Learning to be future leaders in Seattle, USA
Nuestros Pequeños Hermanos provides training in the United States to four Latin American students
Completed Project
The education on offer from Nuestros Pequeños Hermanos provides much more than a year of schooling in the USA. For ten months Latin American young people chosen by the organization go to Seattle to study English and stay with host families in order to experience total cultural immersion. They also get to attend leadership seminars, meet mentors, visit firms and do community work so that once they are back in their own countries they can be better prepared and offer this talent to their community.
During this period of study the students’ basic needs are covered, including health insurance, transport cards and even any materials and resources they might need in order to take part in the leadership workshops.
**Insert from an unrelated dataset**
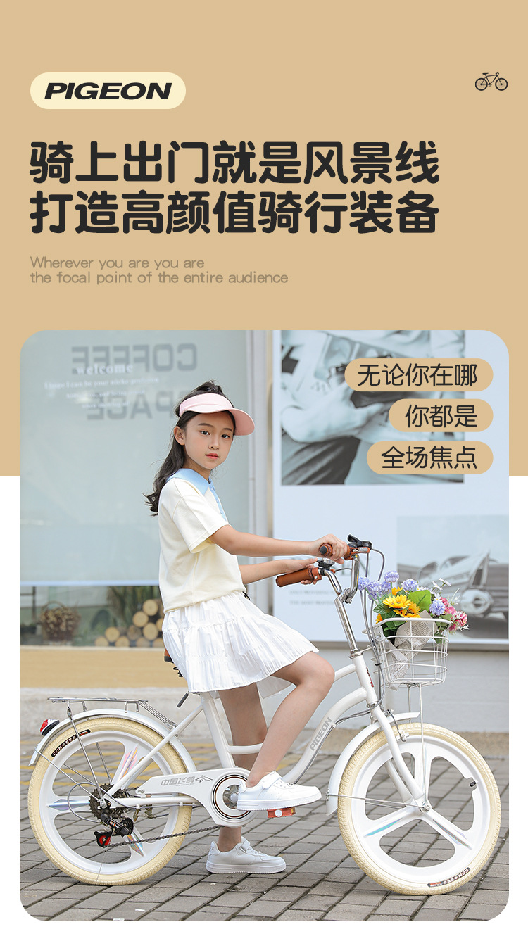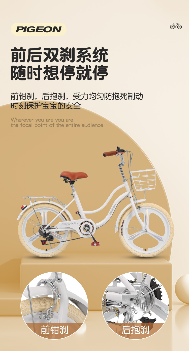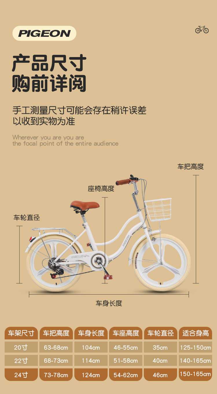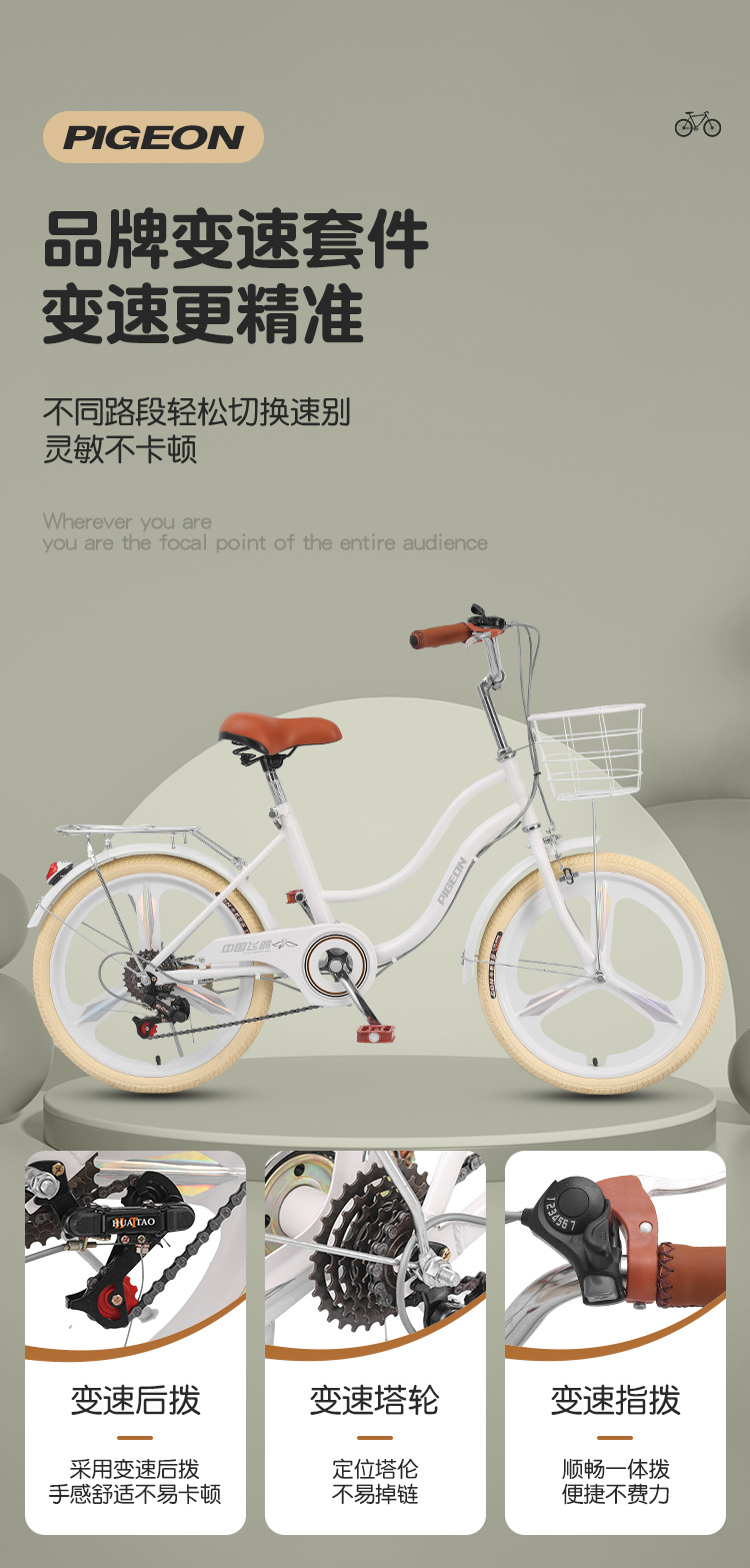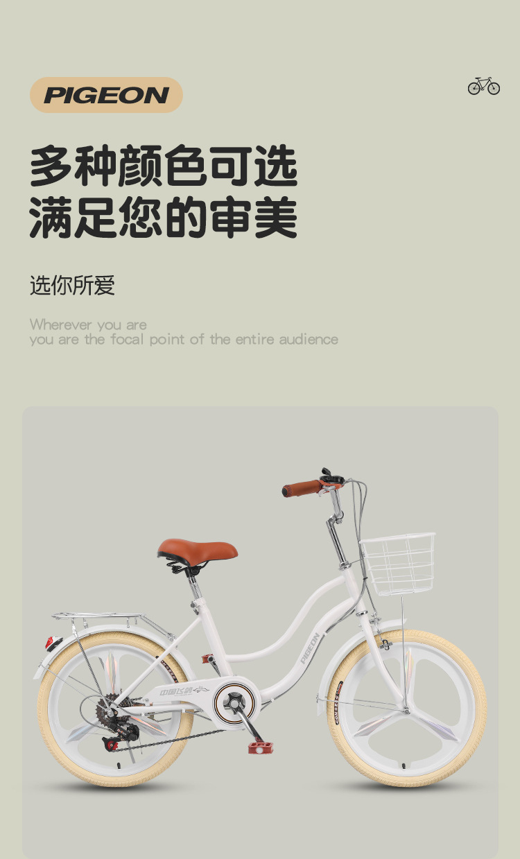 飞鸽自行车女式中大学生成人淑女通勤轻便20寸22寸24寸变速代步车

With the NPH Seattle Institute program these young people are given the opportunity for personal and professional growth. Throughout the course they work on self-awareness, communication, social skills and leadership and are taught to realize that being a leader does not necessarily go hand in hand with authority or prestige. For Nuestros Pequeños Hermanos, a leader is a flexible, responsible, compassionate person, capable of bringing about change that can help improve life within their communities.”
This is a non-profit organization which has provided accommodation, education, medical care and a host family to vulnerable young people from Latin America and the Caribbean since 2011.
The majority of the young people that arrive at Nuestros Pequeños Hermanos have never gone to school and many of them suffer from malnutrition. This organization which aspires to live in a poverty-free world, seeks to help these children develop to their full potential and become leaders who can transform society. Since NPH‘s founding, approximately 20,000 children have been raised with the help of this organization, which now runs shelters for vulnerable kids in nine countries: Mexico, Honduras, Haiti, Nicaragua, Guatemala, El Salvador, Dominican Republic, Peru and Bolivia. Promising young people are offered the chance to learn English and to become role models for the children growing up around them. The organization selects some of those taking part and offers them the chance to be educated in Seattle.
Once they get back home they will become change agents for their communities.